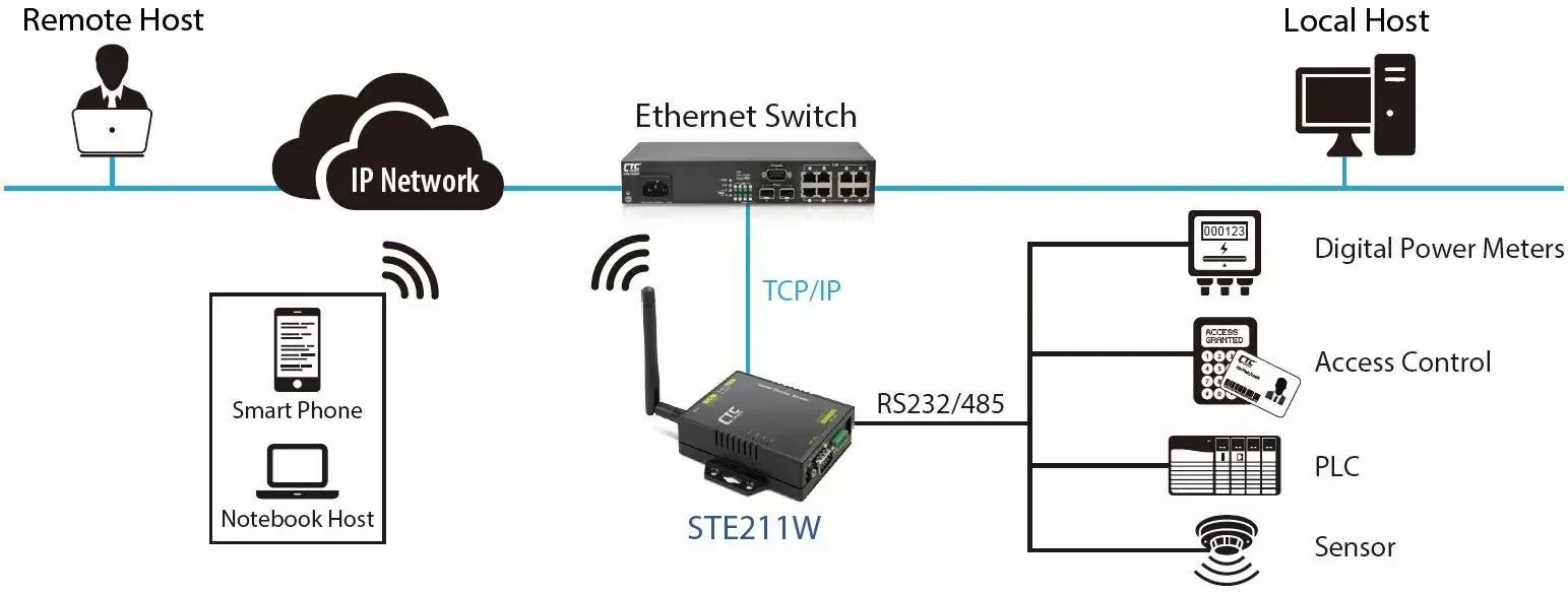 The serial to Ethernet wireless device server (STE211W) and serial to Ethernet device server (STE211) provide a bridging device to connect RS-232/RS-485 Serial Data communications to hardwired Ethernet networks or WiFi wireless networks. It connects serial devices such as PLC, alarm sensors and PTZ camera control to IP networks. Applications include industrial/factory automation, public safety, and surveillance systems. The Serial converter is built for use in light industrial environments, featuring a compact wall-mount design. It operates from 9-32VDC power supply voltages with terminal block connectors and is easy to configure through its web GUI interface.
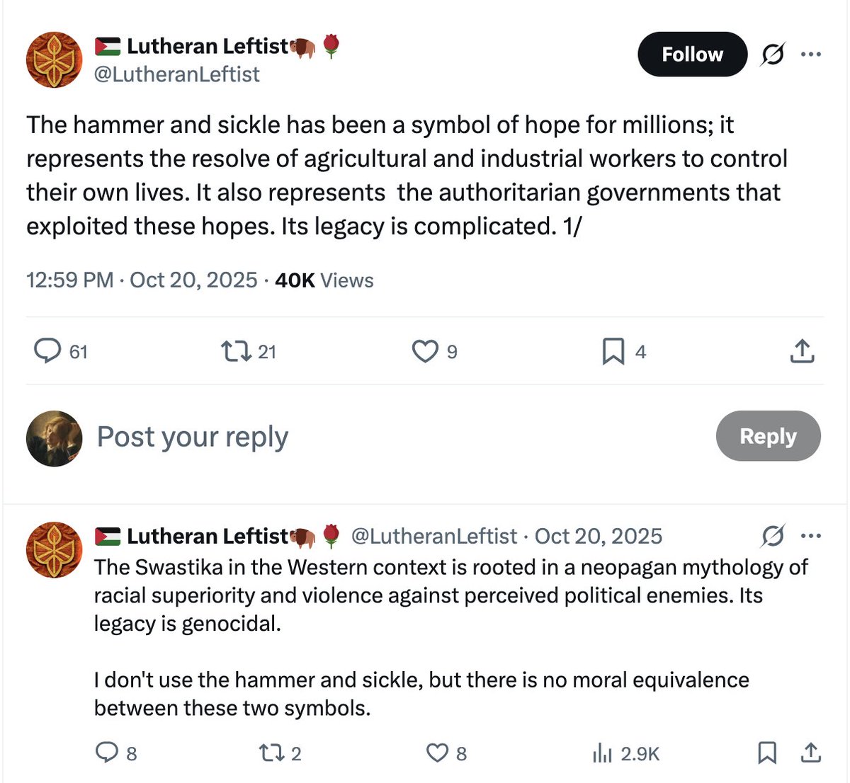 The same day, an LCMS congregant under the alias "Lutheran Leftist" declared "The hammer and sickle has been a symbol of hope for millions... Its legacy is complicated." Though the swastika is completely unconscionable.
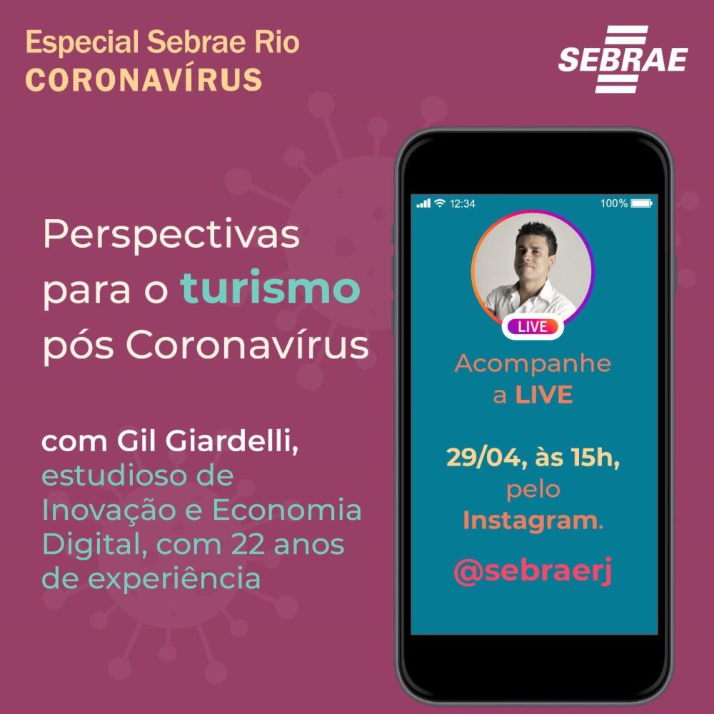A unidade do Sebrae no Rio de Janeiro realiza nesta quarta-feira (29) a Live "Perspectivas para o Turismo pós Coronavírus".
....
# WHAT YOU WILL DO
The expected result is the material restated word for word, minus any picture.

# ANSWER TO THIS PROBLEM
 The serial to Ethernet wireless device server (STE211W) and serial to Ethernet device server (STE211) provide a bridging device to connect RS-232/RS-485 Serial Data communications to hardwired Ethernet networks or WiFi wireless networks. It connects serial devices such as PLC, alarm sensors and PTZ camera control to IP networks. Applications include industrial/factory automation, public safety, and surveillance systems. The Serial converter is built for use in light industrial environments, featuring a compact wall-mount design. It operates from 9-32VDC power supply voltages with terminal block connectors and is easy to configure through its web GUI interface.
 The same day, an LCMS congregant under the alias "Lutheran Leftist" declared "The hammer and sickle has been a symbol of hope for millions... Its legacy is complicated." Though the swastika is completely unconscionable.
A unidade do Sebrae no Rio de Janeiro realiza nesta quarta-feira (29) a Live "Perspectivas para o Turismo pós Coronavírus".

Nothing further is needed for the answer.